A therapy dog will help Iraq war veteran Gregory handle the effects of PTSD
Gregory needs the love of a certain kind of friend.
In the years following combat, the Iraq war veteran has been plagued with night terrors that leave him incapacitated for days at a time. This devastating case of post-traumatic stress disorder has forced Gregory to go on disability.
But there is hope for a more peaceful and active future.With a PTSD therapy dog, Gregory can start to reclaim his life again. With this specially-trained buddy, the veteran will have an understanding companion with him wherever he goes. A therapy dog will encourage him to go outside, interact with others and take care of himself. These canines are also trained to help PTSD sufferers navigate through stressful situations, block triggers and wake from night terrors.

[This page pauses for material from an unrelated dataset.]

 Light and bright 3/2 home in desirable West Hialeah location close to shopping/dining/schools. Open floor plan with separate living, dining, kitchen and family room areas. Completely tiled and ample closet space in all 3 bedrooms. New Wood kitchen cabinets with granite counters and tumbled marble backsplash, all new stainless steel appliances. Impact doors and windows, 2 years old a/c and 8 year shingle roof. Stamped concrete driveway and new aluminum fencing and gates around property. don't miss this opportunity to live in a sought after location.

To help make this need a reality, Gregory has started a Go Fund Me Page to raise money to pay for the dog’s training with Educated Canines Assisting with Disabilities and care. He is looking to raise $30,000 to cover the expenses.
“The sooner I can raise the funds and pay for my dog, the sooner I will be able to start living a normal life,” Gregory writes on his page.

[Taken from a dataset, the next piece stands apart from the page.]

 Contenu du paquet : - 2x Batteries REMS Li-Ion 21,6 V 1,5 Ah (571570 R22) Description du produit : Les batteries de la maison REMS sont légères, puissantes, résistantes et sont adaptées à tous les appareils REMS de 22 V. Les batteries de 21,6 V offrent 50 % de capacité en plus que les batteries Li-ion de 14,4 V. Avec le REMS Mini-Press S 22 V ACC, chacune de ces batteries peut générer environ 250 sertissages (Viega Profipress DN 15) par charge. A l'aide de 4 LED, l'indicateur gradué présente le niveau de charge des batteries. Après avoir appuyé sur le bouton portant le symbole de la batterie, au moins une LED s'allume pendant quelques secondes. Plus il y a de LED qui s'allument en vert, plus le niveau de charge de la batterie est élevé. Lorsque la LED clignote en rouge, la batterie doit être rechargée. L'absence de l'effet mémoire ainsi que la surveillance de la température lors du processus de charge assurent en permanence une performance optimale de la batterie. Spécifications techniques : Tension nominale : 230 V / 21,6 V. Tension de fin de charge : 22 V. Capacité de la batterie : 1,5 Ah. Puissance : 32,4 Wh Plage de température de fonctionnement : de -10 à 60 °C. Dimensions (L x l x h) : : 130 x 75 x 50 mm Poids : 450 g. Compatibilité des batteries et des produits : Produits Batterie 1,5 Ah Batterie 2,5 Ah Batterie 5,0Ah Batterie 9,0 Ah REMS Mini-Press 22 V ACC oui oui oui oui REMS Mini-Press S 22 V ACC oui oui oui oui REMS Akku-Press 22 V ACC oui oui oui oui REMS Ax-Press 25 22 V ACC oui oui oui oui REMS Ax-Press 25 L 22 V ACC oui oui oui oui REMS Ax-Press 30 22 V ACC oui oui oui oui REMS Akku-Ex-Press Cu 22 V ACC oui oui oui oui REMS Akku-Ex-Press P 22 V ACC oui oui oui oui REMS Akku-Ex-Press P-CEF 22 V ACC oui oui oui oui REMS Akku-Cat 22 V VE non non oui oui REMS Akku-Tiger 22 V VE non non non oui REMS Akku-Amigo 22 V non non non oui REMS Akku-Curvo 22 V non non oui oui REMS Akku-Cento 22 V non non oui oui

The veteran is receiving some assistance from philanthropist Leon Logothetis, in collaboration with LittleThings.com, who was moved by Gregory’s struggle and dedication to treating his PTSD.
“I experienced emotional trauma when I was badly bullied as a child and I feel a deep connection and empathy for what these heroes have experienced,” Logothetis told PEOPLE. “Gregory mentioned how he has night terrors, and although my night terrors are far less severe than Gregory’s, I know what it’s like to be unable to sleep and suffer shaming bouts of night terrors.”

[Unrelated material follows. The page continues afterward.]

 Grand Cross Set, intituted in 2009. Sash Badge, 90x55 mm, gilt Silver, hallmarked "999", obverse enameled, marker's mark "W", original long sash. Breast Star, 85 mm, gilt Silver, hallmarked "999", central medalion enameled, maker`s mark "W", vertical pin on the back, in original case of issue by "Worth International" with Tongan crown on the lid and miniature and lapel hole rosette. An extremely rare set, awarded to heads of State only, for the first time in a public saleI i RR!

The philanthropist hopes that with his help and the assistance of others, Gregory can reclaim his life.
“If I can empower someone to believe in themselves then my day is complete. The feeling of ‘being seen’ is such a powerful thing, and yet so many of us feel ‘unseen’ and ‘invisible.’ I consider my philanthropic work simply about ‘seeing’ people. It doesn’t have to be a big financial commitment – the most important thing is to see our each other and recognize that everyone has value,” Logothetis shared.
Once Gregory raises the money needed for a therapy dog, he plans to use any extra funds and his extra to time to help other veterans find the same comfort.